Ce n'est pas la mort qui nous prend ceux que nous aimons ; elle nous les garde au contraire et les fixe dans leur jeunesse adorable …; c'est la vie qui dissout l'amour.
François Mauriac – Le désert de l'amour
Il est vrai que Mauriac parle ici plus particulièrement de l’amour, mais pour une fois il me semble que le couple amour/mort est moins pertinent que celui de jeunesse/mort :
– Vous voulez rester jeune ? Mourez jeune.

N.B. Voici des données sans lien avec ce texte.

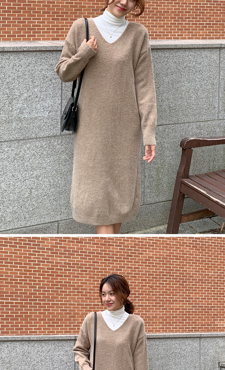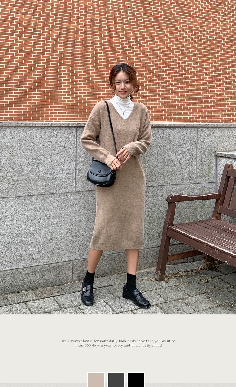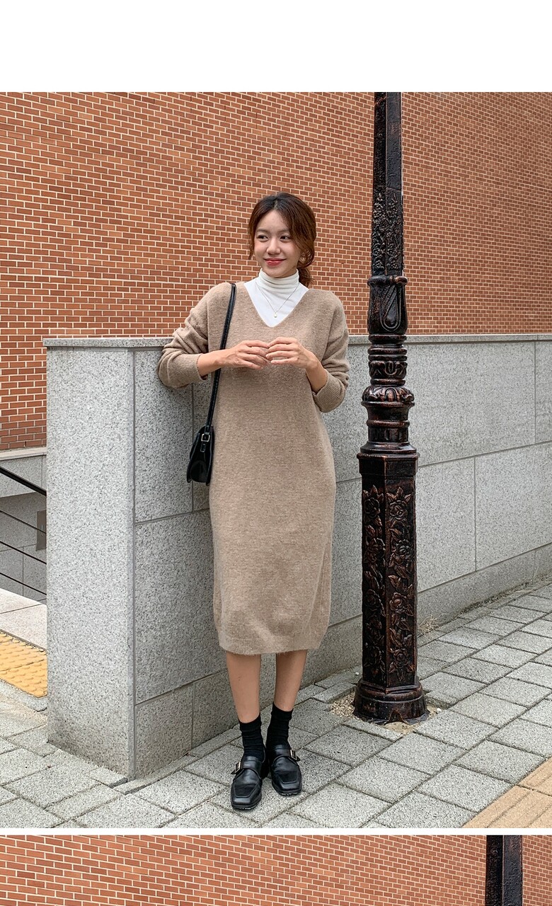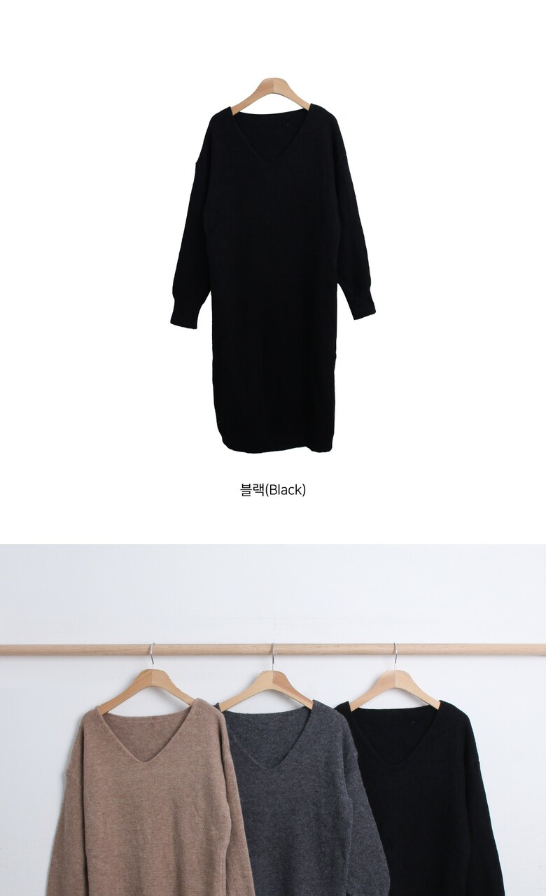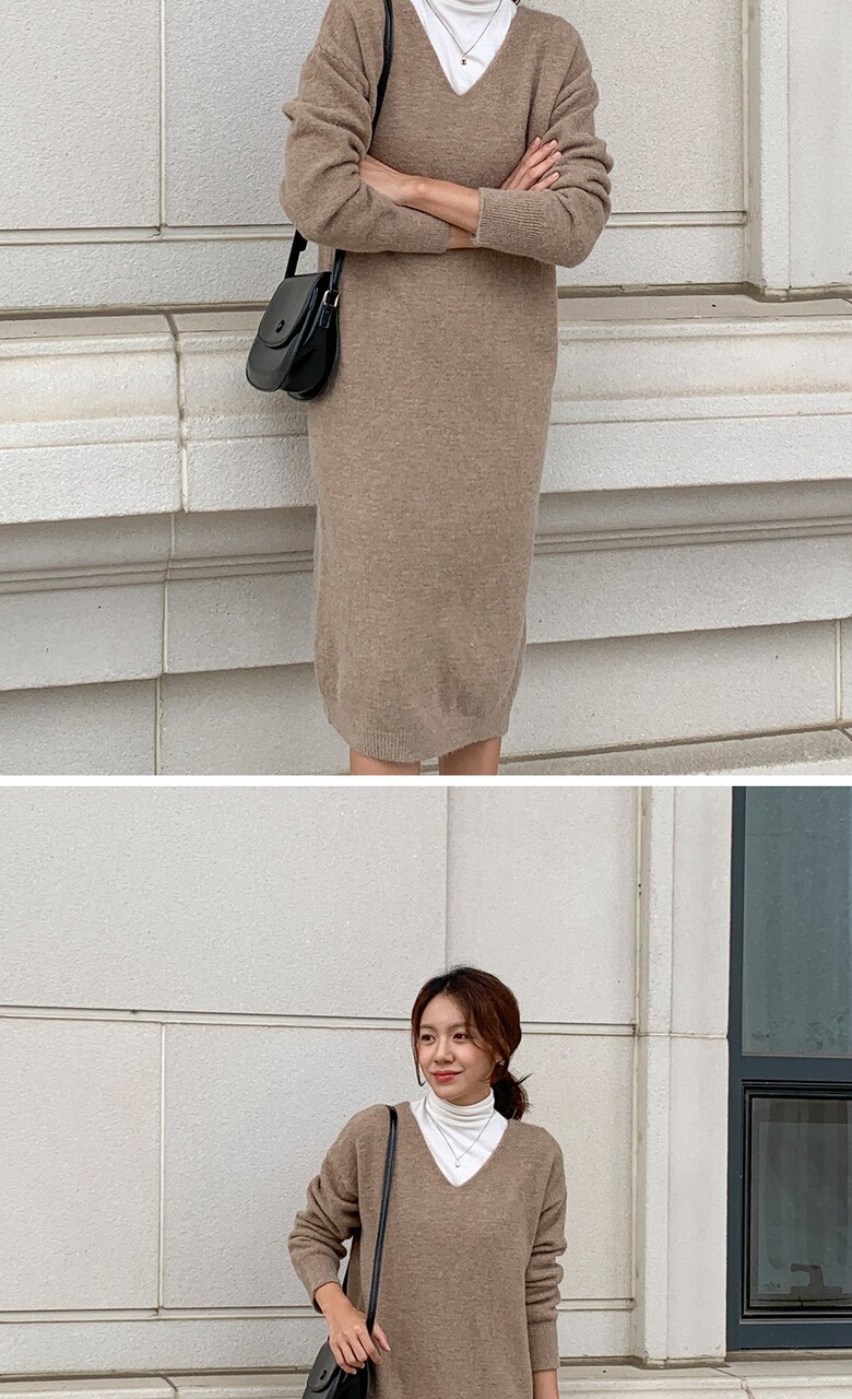 네쥬 여성 가을 브이넥 기본 무지 데일리 긴팔 롱 원피스

Il y a des paradoxes qui se dissipent en même temps qu’ils nous apparaissent : celui-ci en est un. Reste à comprendre ce qui se passe.
Pour dire les choses d’une façon un peu abrupte, il faudrait affirmer que l’éternité est celle du souvenir, et que rien d’autre de ce qui est humain n’est éternel. Nous serons à jamais – si toute fois nous accédons à cette forme d’éternité – cette image que les autres auront fixée de nous, et qu’ils transmettront aux autres générations. Si cette image est celle d’un jeune être qui n’a pas eu le temps de vieillir, alors c’est elle qui sera « à tout jamais » notre image.
Deux observations :
1 – D’abord on a un peu ici l’idée du péché mortel, celui qui scelle notre destin post-mortem dès lors que nous mourons juste après l’avoir commis et avant de nous en être repentis. Nous resterons pour l’éternité définis cette faute qui nous a damné.
2 – Ensuite, on comprend vite que le souvenir que nous laisserons derrière nous n’a guère de chance de survivre à nos enfants, au mieux à nos petits enfants. Vous avez le souvenir de votre arrière grand-mère, vous ?
Conséquence : si vous voulez être immortel, laissez des œuvres qui vous incarnent : Homère avec l’Iliade, Michel Ange avec la Sixtine, etc…
Oui, mais alors, la jeunesse ? Ce n’est pas mon œuvre que je veux immortelle, c’est MOI, moi JEUNE !
C’est très simple : créez une œuvre géniale très jeune et puis disparaissez à 20 ans, comme Evariste Gallois.
Vous avez passé l’âge ? Pas grave : attendez votre prochaine réincarnation.